- Born: Arabella Helen Weir 6 December 1957 (age 68) San Francisco, California, U.S.
- Occupations: Comedian, actress, writer
- Spouse: Jeremy Norton ​ ​(m. 1995; sep. 2013)​
- Children: 2
- Father: Michael Scott Weir

= Arabella Weir =

Scottish author, actress (b. 1957)

Arabella Helen Weir (born 6 December 1957) is an American-born British comedian, actress and writer. She played roles in the comedy series The Fast Show, Posh Nosh and Two Doors Down, and has written several books, including Does My Bum Look Big in This? Weir has also written for The Independent and The Guardian and the latter's Weekend magazine.

==Early life and education==
Weir was born in 1957, in San Francisco, California, United States, to Scottish parents. She is the daughter of former British ambassador Sir Michael Weir and his wife, Alison ( Walker), who had met while studying at the University of Oxford; her father was from Dunfermline and her mother was from the Scottish Borders, daughter of the headmaster of a small boarding school.

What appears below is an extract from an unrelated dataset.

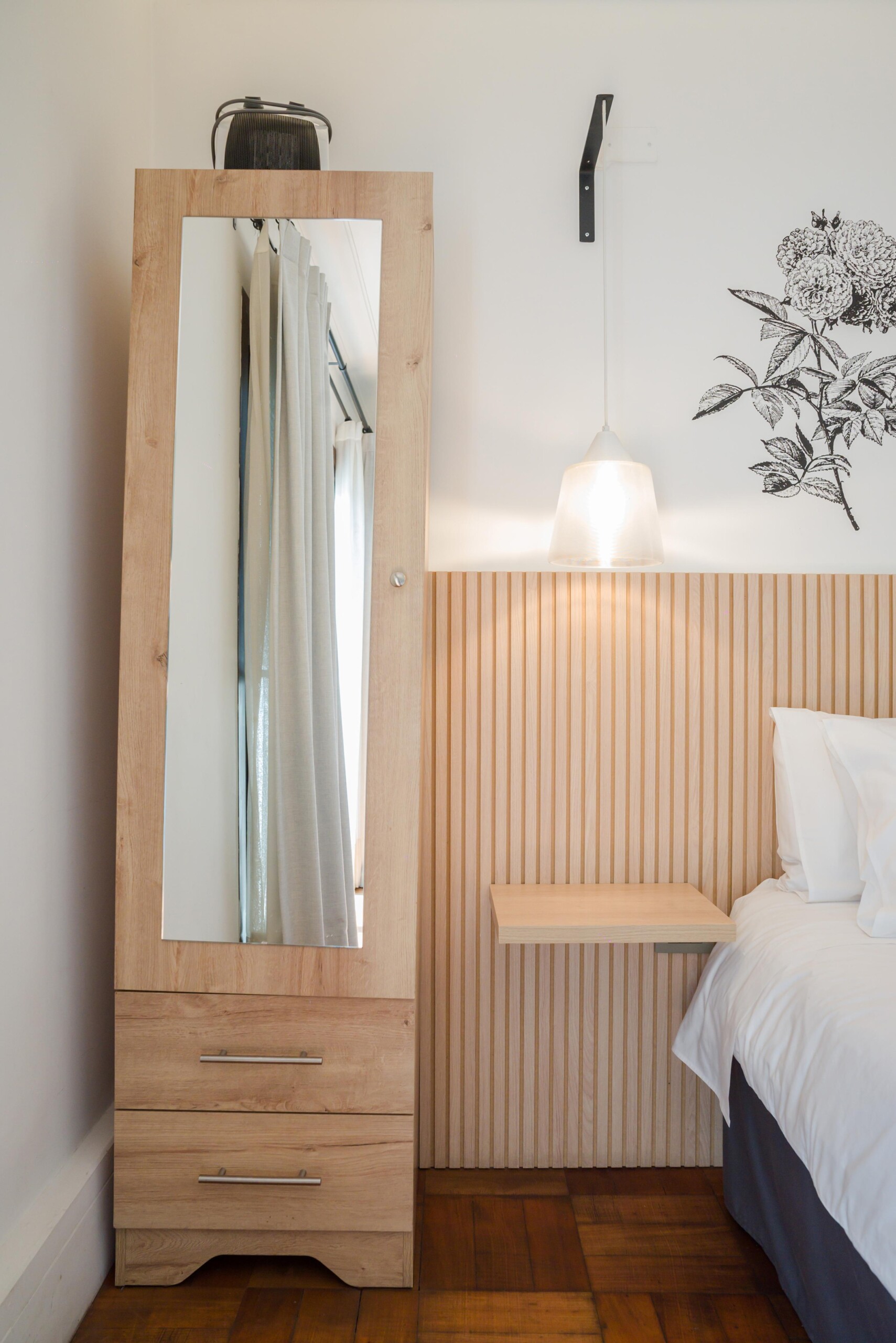 – **Sleeping Arrangements**: A plush bed promises restful nights, complemented by ample storage with hangers for your convenience.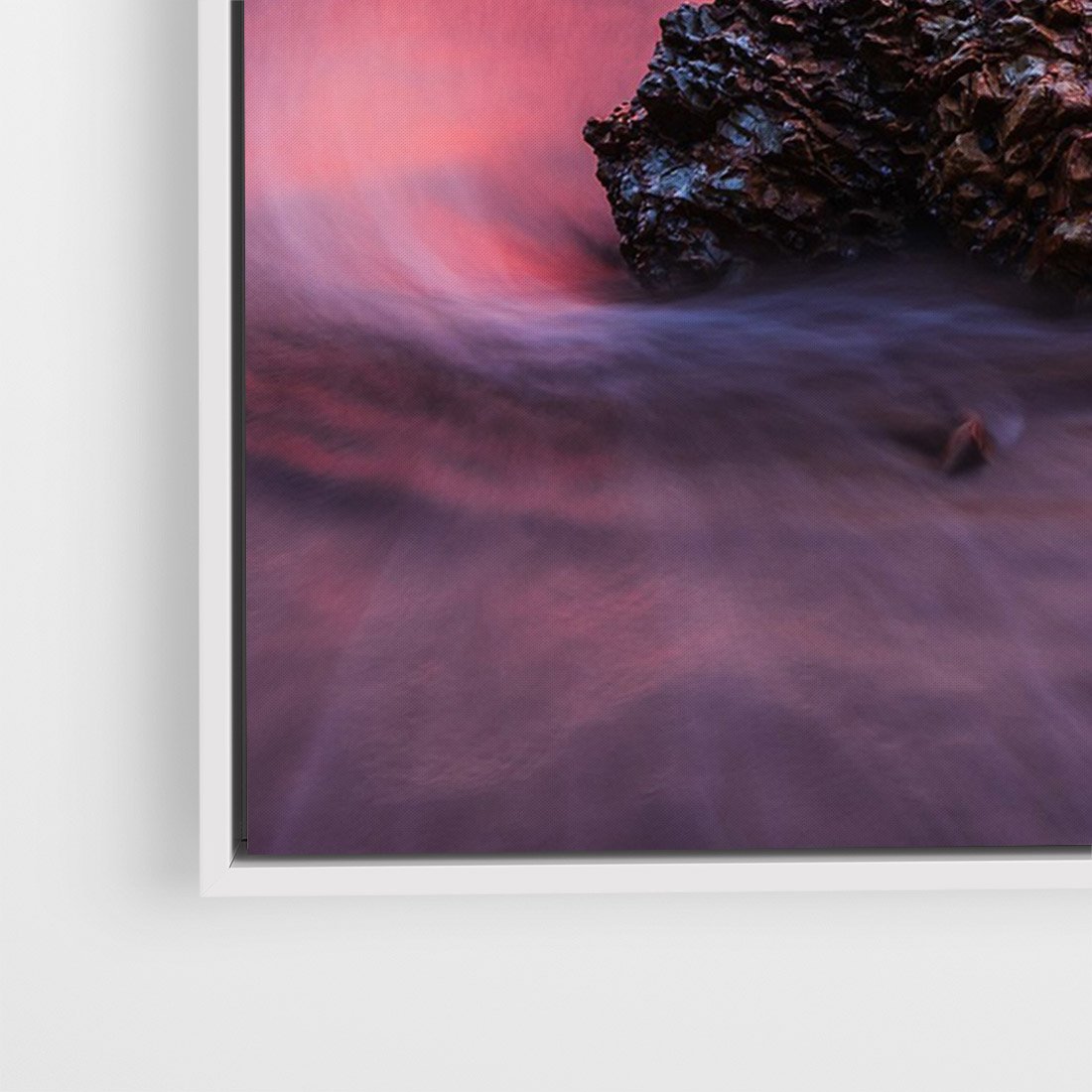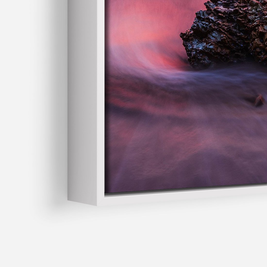 Obraz w ramie 70x100 - Zaklęty Zachód - magiczny zachód słońca, fioletowe - rama biała

Weir attended nursery school in Washington D.C., where her father was posted as a member of the British diplomatic service. She later attended the Sacre Coeur Convent in Cairo, and the French Lycee in London. Having spent many holidays in Scotland as a child, Weir describes herself as "culturally Scottish". After her parents' divorce she initially lived with her mother, her two older brothers and her younger sister in the UK. She has described her relationship with her mother as difficult, and in her comedy routine has exposed her mother's "cruel, snobby campaign to shame her into losing weight." Weir's relationship with her mother later became the subject of her debut one-woman show, Does My Mum Look Big in This? At the age of nine she moved to Bahrain with her father while her brothers were at prep school and her younger sister stayed with their mother.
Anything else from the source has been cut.